* **DESCRIPTION OF THE TASK**: Below are the records; give again exactly the lines from the one containing "臺北投資公司百日攻堅成果第八周匯總表" through the one containing "1. メニュー[仕訳日記帳]をクリックし、仕訳日記帳を表示します。", leaving out pictures.

* **RECORDS FOR THE TASK**:
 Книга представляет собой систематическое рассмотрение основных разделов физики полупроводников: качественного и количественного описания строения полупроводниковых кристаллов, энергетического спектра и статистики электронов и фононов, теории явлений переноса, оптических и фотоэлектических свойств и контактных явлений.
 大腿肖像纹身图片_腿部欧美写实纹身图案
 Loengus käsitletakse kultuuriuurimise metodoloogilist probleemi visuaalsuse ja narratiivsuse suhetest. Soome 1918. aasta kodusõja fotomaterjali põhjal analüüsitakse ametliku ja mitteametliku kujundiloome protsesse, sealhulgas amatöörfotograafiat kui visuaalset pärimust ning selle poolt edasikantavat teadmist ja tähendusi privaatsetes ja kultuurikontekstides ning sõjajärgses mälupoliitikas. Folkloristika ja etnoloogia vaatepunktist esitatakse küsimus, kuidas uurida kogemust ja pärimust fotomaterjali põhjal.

---

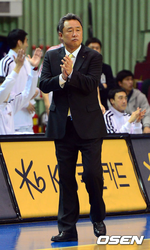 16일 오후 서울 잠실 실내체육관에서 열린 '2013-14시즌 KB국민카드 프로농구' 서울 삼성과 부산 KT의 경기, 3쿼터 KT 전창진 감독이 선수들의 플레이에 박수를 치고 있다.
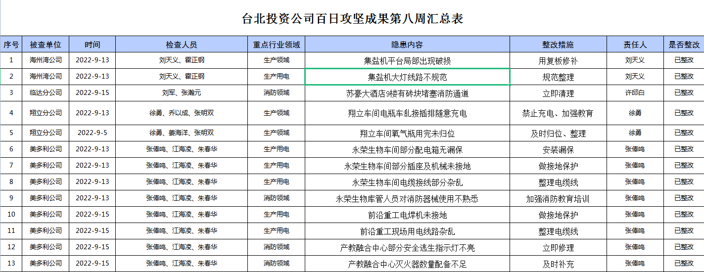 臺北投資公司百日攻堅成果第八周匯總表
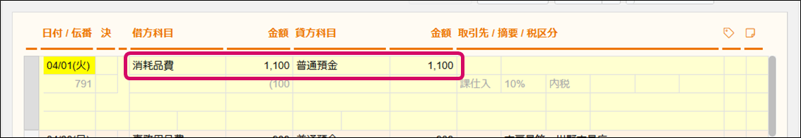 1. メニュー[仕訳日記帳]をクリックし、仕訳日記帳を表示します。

* **EXERCISE RESULT**:
 臺北投資公司百日攻堅成果第八周匯總表
 1. メニュー[仕訳日記帳]をクリックし、仕訳日記帳を表示します。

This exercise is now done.